From Airport to La Plagne – Approximate times with no traffic:

  • 1 hour 30 minutes from Chambéry airport
  • 2 hours 30 minutes from Geneva, Lyon or Grenoble

Similar to Les 3 Vallées you can either get a ski pass just for your resort (eg. Les Arcs), or for the full Paradiski area. The difference is usually around €50 for a week.

Paradiski is not as interconnected as Les 3 Vallées, so if you will likely only go to La Plagne once during your week-long holiday. The Vanoise Express cable car that connects Les Arcs to La Plagne is a bit of a commute, so it gets crowded at the end of the day. There are plenty of slopes in Les Arcs however, so don’t let that put you off!

III. Ski resorts in Espace Killy (from Bourg-Saint-Maurice train station):

The 3rd large ski domaine in France is Espace Killy, clocking in at over 300km (186 miles) of ski slopes. It is also near the high-speed train station of Bourg-Saint-Maurice.

1. Val d’Isère (1850 m)

A higher-end ski resort that is quite popular with British tourists. It is a large resort and recently got a €200 million upgrade. One of the prettier resorts, with plenty of restaurants, boutiques, and nightlife. It is home to the original Folie Douce, a bar/nightclub that is on the ski slopes, for partying skiers to stop in the afternoon for a bit of techno and a beer. (The other resorts now have chains of La Folie Douce as well, but the one at Val d’Isère was the first.)

Basically, Val d’Isère is big and beautiful, and has excellent skiing.

From Airport to Val d’Isère – Approximate times with no traffic:

  • 2 hours from Chambéry airport
  • 2 hours 45 minutes from Geneva, Lyon or Grenoble

2. Tignes (1500 – 2100 m)

Tignes, the cousin of Val d’Isère, connects with it in the Espace Killy, and also offers excellent skiing. Val d’Isère has got the village charm (and the higher prices), while Tignes is more of a mid-level resort.

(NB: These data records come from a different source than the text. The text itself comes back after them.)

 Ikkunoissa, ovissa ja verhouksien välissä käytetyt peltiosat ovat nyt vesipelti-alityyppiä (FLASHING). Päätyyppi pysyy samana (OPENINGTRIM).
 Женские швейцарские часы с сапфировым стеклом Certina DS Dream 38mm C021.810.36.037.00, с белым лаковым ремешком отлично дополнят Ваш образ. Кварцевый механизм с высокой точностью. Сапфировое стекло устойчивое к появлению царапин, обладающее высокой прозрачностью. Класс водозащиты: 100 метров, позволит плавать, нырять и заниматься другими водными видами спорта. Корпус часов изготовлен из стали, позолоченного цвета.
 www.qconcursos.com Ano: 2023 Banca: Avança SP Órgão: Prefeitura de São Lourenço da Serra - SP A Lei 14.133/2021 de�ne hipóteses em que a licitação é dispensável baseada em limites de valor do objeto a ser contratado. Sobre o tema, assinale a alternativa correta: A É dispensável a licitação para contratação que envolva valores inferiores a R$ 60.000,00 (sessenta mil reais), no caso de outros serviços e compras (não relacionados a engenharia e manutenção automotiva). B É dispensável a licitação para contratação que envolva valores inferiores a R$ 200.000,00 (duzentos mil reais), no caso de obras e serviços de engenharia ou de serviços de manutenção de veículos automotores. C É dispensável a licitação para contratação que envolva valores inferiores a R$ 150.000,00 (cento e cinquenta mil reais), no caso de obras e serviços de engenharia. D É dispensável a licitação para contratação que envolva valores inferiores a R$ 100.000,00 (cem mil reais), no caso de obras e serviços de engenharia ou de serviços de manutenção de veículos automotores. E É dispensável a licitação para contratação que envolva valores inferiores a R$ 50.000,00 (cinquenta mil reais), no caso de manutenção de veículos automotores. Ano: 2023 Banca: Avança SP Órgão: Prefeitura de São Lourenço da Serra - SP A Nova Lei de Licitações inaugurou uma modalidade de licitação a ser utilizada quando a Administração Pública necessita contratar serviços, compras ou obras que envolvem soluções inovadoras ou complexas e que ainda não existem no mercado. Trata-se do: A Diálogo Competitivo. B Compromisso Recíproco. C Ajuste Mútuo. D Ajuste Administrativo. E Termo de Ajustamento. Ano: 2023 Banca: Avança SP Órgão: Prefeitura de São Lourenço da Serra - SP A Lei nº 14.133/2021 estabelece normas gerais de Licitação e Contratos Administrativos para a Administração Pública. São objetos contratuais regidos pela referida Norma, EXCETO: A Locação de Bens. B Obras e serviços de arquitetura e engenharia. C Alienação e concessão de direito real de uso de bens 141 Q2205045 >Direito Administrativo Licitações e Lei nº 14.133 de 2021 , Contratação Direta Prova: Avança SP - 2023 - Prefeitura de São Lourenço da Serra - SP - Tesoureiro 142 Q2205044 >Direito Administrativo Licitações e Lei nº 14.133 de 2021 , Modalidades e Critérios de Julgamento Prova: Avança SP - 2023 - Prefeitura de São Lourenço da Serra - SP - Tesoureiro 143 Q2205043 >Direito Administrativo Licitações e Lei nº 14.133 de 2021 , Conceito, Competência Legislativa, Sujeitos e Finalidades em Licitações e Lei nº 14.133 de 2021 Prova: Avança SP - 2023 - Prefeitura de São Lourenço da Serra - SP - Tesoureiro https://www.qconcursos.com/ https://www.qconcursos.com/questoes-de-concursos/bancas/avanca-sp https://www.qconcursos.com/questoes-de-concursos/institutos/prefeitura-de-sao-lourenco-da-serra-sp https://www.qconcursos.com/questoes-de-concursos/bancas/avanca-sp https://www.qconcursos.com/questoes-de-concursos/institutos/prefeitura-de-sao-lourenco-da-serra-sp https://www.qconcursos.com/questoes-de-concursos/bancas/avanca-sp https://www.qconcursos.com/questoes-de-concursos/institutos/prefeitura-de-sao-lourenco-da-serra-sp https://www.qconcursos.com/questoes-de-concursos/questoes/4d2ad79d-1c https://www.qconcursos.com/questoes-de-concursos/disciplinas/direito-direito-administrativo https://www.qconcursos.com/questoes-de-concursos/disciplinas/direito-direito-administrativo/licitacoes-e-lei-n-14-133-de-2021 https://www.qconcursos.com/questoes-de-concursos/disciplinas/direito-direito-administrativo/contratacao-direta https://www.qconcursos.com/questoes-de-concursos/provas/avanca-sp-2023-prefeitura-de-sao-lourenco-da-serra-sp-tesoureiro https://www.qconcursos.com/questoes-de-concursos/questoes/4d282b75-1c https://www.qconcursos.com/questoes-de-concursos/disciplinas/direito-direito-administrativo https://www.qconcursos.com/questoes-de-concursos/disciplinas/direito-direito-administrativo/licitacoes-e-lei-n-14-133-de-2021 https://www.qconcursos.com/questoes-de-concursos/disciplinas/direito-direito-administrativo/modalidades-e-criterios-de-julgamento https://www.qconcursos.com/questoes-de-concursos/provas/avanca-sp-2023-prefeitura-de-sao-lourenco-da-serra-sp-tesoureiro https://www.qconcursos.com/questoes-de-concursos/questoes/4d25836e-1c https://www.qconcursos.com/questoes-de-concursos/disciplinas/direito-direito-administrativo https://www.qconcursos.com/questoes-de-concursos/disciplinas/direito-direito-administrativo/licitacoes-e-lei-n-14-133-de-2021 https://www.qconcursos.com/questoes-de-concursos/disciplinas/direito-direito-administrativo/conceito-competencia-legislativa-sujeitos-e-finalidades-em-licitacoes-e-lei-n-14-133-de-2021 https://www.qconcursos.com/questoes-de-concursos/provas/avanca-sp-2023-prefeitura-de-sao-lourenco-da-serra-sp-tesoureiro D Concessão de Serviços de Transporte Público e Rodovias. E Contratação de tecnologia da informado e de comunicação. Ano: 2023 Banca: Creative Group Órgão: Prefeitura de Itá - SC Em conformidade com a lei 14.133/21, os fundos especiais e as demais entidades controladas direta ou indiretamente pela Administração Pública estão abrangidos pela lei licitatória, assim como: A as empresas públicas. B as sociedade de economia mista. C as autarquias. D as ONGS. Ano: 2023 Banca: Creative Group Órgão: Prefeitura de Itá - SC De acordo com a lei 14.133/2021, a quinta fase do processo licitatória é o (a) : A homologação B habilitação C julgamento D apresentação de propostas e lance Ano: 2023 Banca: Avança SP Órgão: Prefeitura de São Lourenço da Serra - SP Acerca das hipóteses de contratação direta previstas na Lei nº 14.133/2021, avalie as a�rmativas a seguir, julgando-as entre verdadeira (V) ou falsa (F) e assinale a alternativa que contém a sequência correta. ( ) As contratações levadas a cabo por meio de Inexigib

Tignes is the resort you pick, if you want to ski on the excellent Espace Killy, but Val d’Isère is out of budget. It is also the ski resort you pick if you want to ski on a glacier. From Tignes, you can take the funicular (cable car) to Grand Motte glacier, and ski at over 3000m. The glacier is even sometimes open in the summer (!), so if you have doubts about whether there is enough snow on the ground, Tignes is a good bet.

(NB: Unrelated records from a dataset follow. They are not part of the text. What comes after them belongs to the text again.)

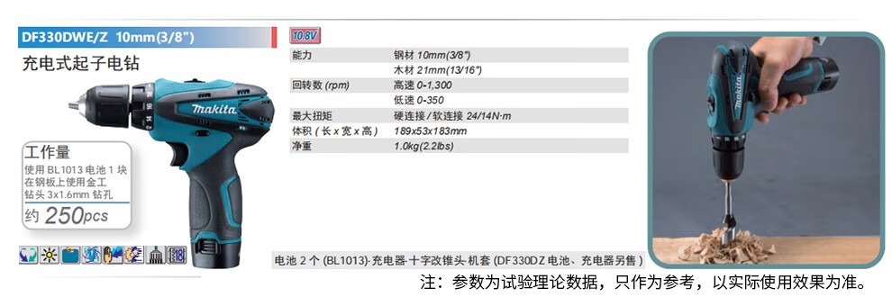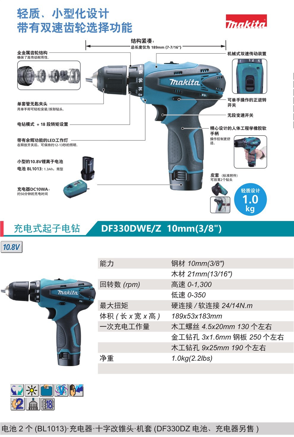 | Modelo | Df330dw (una electricidad, una carga 1.3ah), df330dwe (dos electricidad, una carga 1.3ah), df330dz (el Metal desnudo no contiene cargador de batería) |
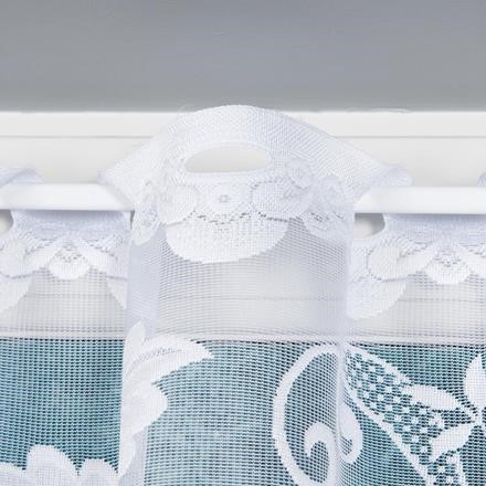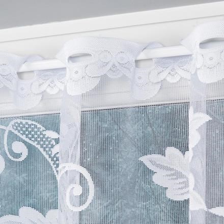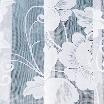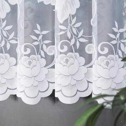 Piękna firana żakardowa na metry o wysokości 70cm w kolorze białym. U góry posiada otwory do wsunięcia na drążek lub patyczek. Piękny wzór w duże stylowe kwiaty idealnie sprawdzi się w każdej kuchni, łazience bądź na klatce schodowej.
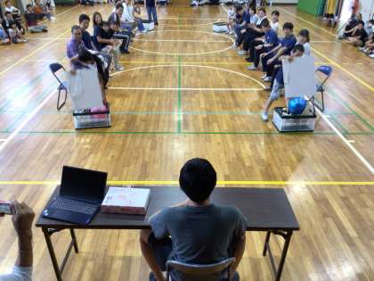 ボードに名前を書いて回します。
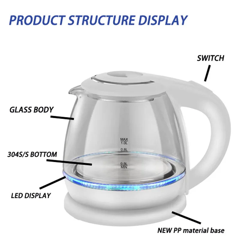 China Wholesale Manufacturing Fast Shipping High Quality Glass Boiling Water Tea Electric Kettle With Heating element
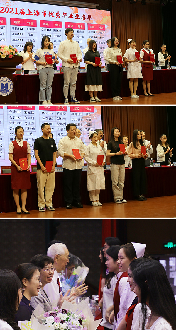 党委书记曹蓉蓉宣读上海市优秀毕业生、校优秀毕业生表彰决定,校领导分别为优秀毕业生代表颁发荣誉证书,同时为各学院毕业生代表颁发毕业证书。

Tignes is made up of 5 villages which you can ski between, but after hours, it is not walkable from one to the other.

  • Tignes Val Claret (2150 m) – the liveliest part with restaurants and nightlife.
  • Tignes le Lac (2100 m) – Near Val Claret (but not walkable). Not the prettiest of villages, but has good ski-in and ski-out links. Good for families.
  • Tignes le Lavachet (2050 m) – quiet area, good for families with small children. Linked to the other ski lifts in Tignes by shuttle bus (No Ski-In/Ski-out)
  • Tignes Les Boisses (1800 m) – the new village which opened in December 2013, with limited shops and restaurants. Far from the rest of Tignes.
  • Tignes Les Brevieres (1550 m) – traditional chalets, but a bit isolated, and far from the rest of the Tignes.

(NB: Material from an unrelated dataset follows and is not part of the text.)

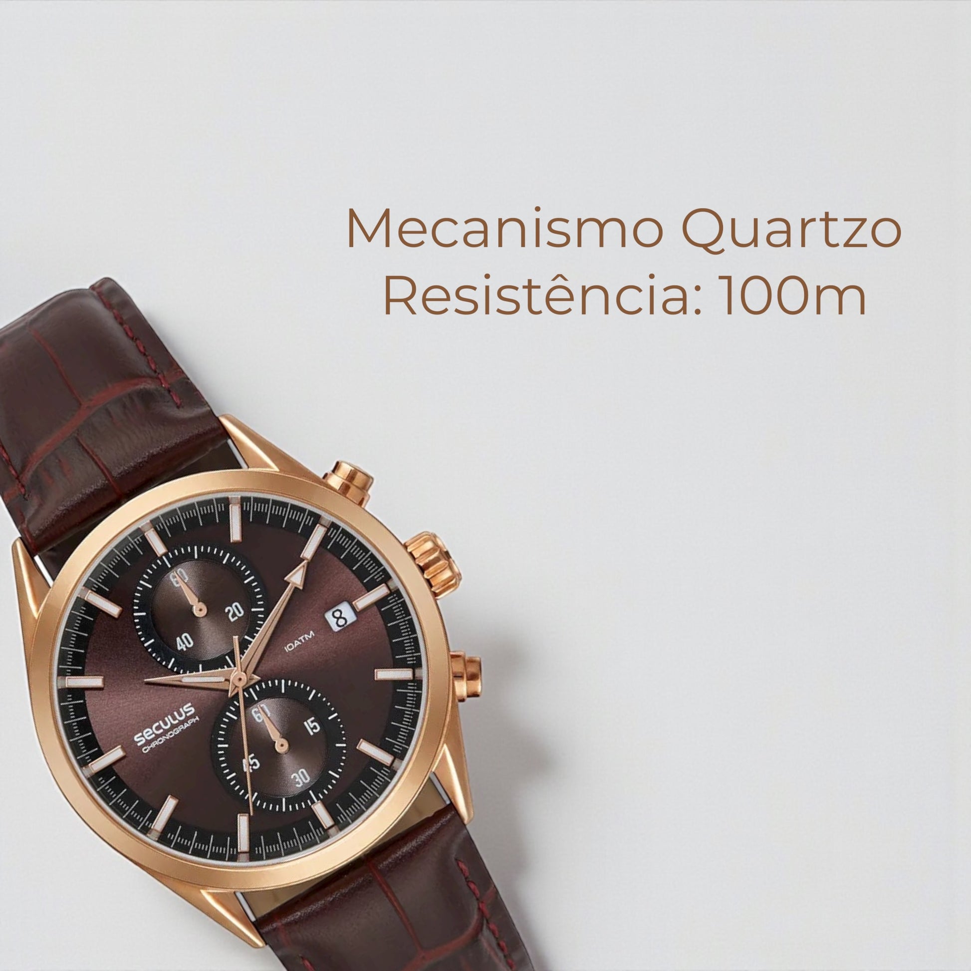 O Relógio Cronógrafo Rosé Couro Croco é mais do que um acessório — é uma declaração de estilo e confiança.

From Airport to Tignes – Approximate times with no traffic:

  • 2 hours from Chambéry airport
  • 2 hours 30 minutes from Annecy
  • 3 hours from Lyon, Grenoble or Geneva

There is only one ski pass for both Val d’Isère and Tignes so you get access to the full Espace Killy ski domaine for one price.

8 Best Ski Resorts in France: Guide and Comparison 3

So there you have it, have you narrowed down your favorite yet? It’s a tough choice! If it helps, all these resorts have fantastic facilities, and your choice will probably come down to what sort of atmosphere you are looking for aprés-ski and of course, the wallet.

Have fun on the slopes and à bientôt!


This Post Has 2 Comments

  1. Julie Ruhl

    This looks like such a fun trip! And you can’t beat those views as your going down the slopes. WOW breathtaking!

    1. ainsi hardi

      Yes, it is definitely something to try! The fresh air and the view, just amazing!